La cámara de televisión enfoca a unos ancianos que visten guayaberas blancas tocados con sombreros de yarey y el locutor grita con voz de tiple: «¡Viva la juventud cubana!»
Eso fue el pasado 1 de mayo, en plaza de nombre en litigio ―como casi todo en el país de marras―, que si cívica, que si de la revolución.
Días más tarde la junta de venerables nombra nuevo cofrade. Cofrade viejo, en verdad. De apellido Lussón, con historial en las mismas guerrillas que auparon a esos viejos y antes, ¡vaya!, tronado por ellos mismos.
Seguidamente viaja cantante dizque contestatario a la ciudad donde viven todos los viejos, más otros, que huyeron de los viejos primeros y dice que no le gustan los actos de repudio que los viejos, los primeros y los segundos, auspician.
Antes o al mismo tiempo o vaya usted a saber, cesan, cese con fecha de término, los mencionados actos de repudio a instancias de un cura de relevancia. Relevante entre curas y parece que también entre los viejos del «¡Viva la juventud cubana!»

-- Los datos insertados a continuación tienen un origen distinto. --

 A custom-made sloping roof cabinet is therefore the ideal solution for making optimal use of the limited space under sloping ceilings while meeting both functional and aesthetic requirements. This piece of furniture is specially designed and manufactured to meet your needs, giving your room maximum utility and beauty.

Seguidamente viaja al país una mujer, brillante parlamentaria española, para enseñar a un buen señor cómo se organiza un partido político desde la nada. Partido con el que remover el dominio del yarey. Los sombreritos ni se inmutan ante ese conato de ventolera.

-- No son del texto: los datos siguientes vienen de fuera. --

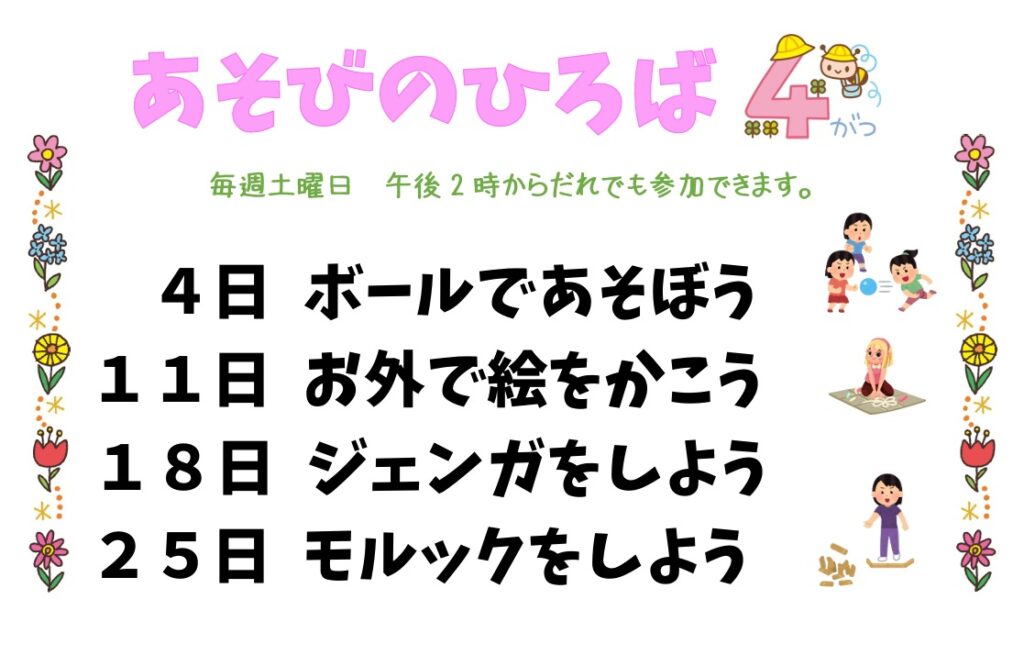 4月の「あそびのひろば」のお知らせです。

Inmediatamente después un empresario que comparte nacionalidad con la ilustre pedagoga felicita al Comandante Yarey, suerte de viejo de todos los viejos, por su extraordinaria lucidez.
El color del verano. Así tituló Reinaldo Arenas novela hilarante sobre ese país imposible.
El olor del metano podría titularse la que cuente ahora la actualidad de ese país cada vez más curioso. El metano, ya saben: masivo, inocuo y a la vez explosivo.
El reto de su protagonista sería resolver esa última dualidad pareciera que imposible. La clave, se me ocurre, deberá encontrarla en el trenzado del yarey.